● WHAT NEEDS TO BE DONE
Beginning with the line that contains "100% SATISFACTION GUARANTEE", restate each line below through the final one exactly, and exclude the pictures.

● INFORMATION PROVIDED
....................
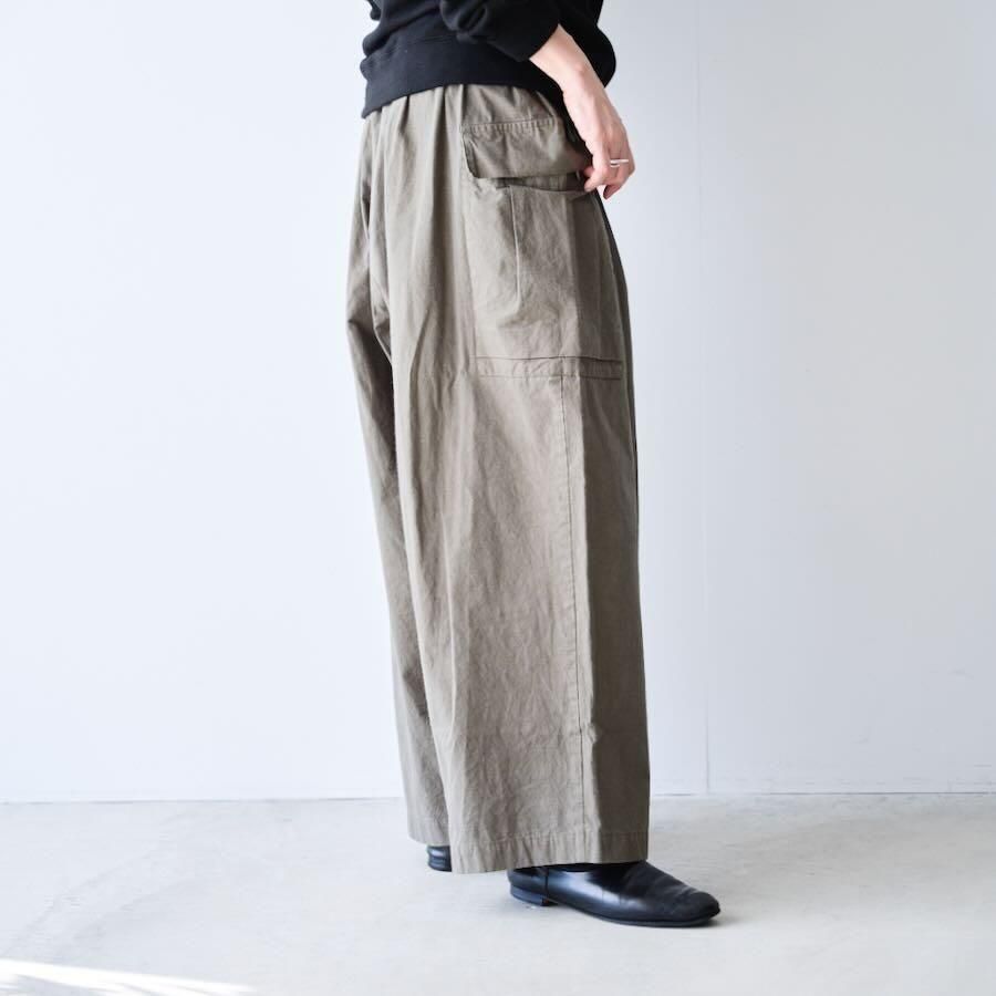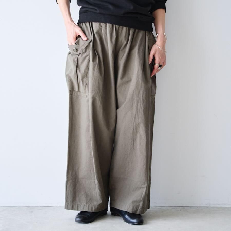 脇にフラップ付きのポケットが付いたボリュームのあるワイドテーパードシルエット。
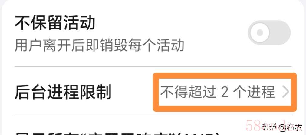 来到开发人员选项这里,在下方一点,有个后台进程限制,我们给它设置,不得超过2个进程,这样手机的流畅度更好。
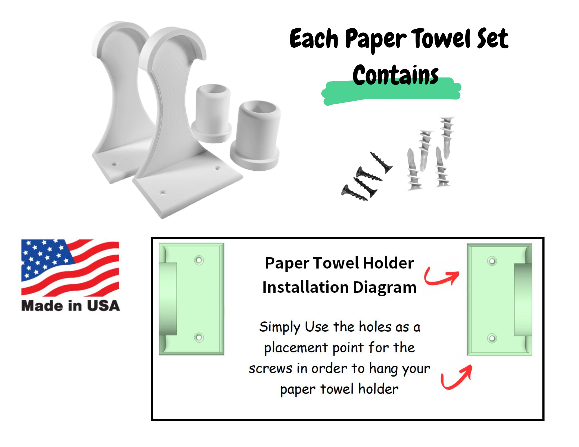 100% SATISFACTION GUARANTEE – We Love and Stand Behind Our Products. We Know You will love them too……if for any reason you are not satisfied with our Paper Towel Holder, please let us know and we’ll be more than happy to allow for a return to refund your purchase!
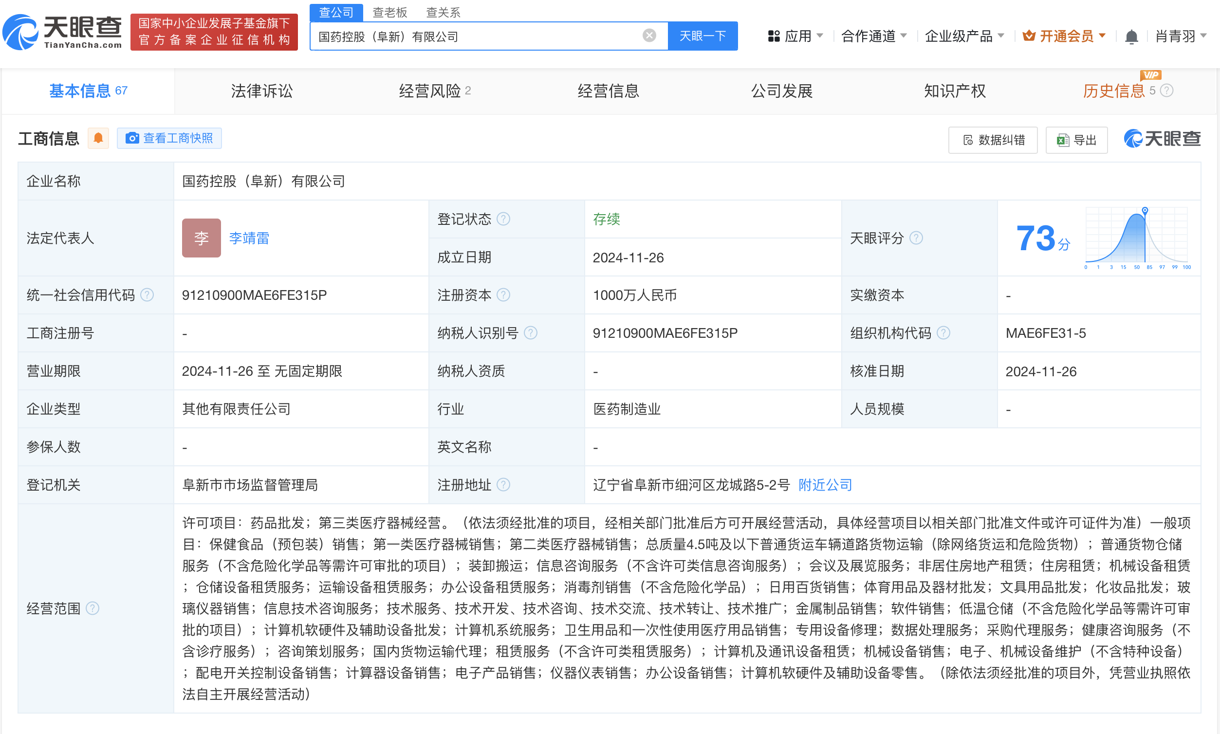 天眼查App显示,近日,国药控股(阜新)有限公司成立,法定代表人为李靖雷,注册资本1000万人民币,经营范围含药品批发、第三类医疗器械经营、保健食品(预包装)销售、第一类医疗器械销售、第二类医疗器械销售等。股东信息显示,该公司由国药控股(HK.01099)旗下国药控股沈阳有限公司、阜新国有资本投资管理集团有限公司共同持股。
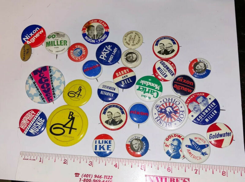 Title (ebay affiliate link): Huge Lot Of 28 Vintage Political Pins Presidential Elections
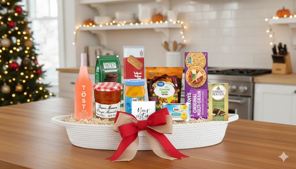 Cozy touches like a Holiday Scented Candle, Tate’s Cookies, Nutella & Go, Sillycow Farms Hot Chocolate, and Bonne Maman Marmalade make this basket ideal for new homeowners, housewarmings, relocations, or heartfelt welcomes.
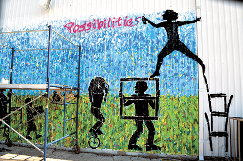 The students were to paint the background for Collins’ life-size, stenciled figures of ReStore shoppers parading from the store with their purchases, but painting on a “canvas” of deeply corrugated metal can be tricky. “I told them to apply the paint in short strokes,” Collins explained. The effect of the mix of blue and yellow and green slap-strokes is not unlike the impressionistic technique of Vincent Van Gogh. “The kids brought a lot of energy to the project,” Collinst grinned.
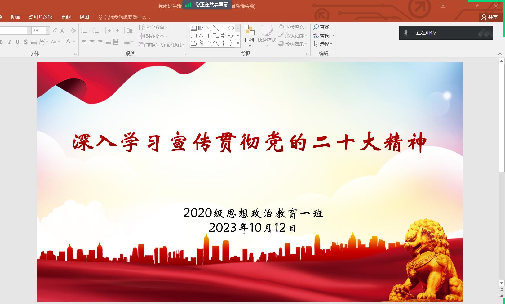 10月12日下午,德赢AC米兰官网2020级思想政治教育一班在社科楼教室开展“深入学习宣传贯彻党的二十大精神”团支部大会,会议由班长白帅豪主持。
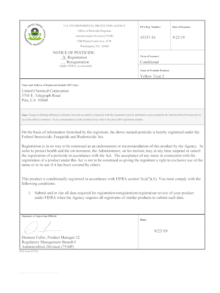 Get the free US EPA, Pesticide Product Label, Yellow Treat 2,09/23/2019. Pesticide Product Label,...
....................
● EXERCISE RESPONSE
 100% SATISFACTION GUARANTEE – We Love and Stand Behind Our Products. We Know You will love them too……if for any reason you are not satisfied with our Paper Towel Holder, please let us know and we’ll be more than happy to allow for a return to refund your purchase!
 天眼查App显示,近日,国药控股(阜新)有限公司成立,法定代表人为李靖雷,注册资本1000万人民币,经营范围含药品批发、第三类医疗器械经营、保健食品(预包装)销售、第一类医疗器械销售、第二类医疗器械销售等。股东信息显示,该公司由国药控股(HK.01099)旗下国药控股沈阳有限公司、阜新国有资本投资管理集团有限公司共同持股。
 Title (ebay affiliate link): Huge Lot Of 28 Vintage Political Pins Presidential Elections
 Cozy touches like a Holiday Scented Candle, Tate’s Cookies, Nutella & Go, Sillycow Farms Hot Chocolate, and Bonne Maman Marmalade make this basket ideal for new homeowners, housewarmings, relocations, or heartfelt welcomes.
 The students were to paint the background for Collins’ life-size, stenciled figures of ReStore shoppers parading from the store with their purchases, but painting on a “canvas” of deeply corrugated metal can be tricky. “I told them to apply the paint in short strokes,” Collins explained. The effect of the mix of blue and yellow and green slap-strokes is not unlike the impressionistic technique of Vincent Van Gogh. “The kids brought a lot of energy to the project,” Collinst grinned.
 10月12日下午,德赢AC米兰官网2020级思想政治教育一班在社科楼教室开展“深入学习宣传贯彻党的二十大精神”团支部大会,会议由班长白帅豪主持。
 Get the free US EPA, Pesticide Product Label, Yellow Treat 2,09/23/2019. Pesticide Product Label,...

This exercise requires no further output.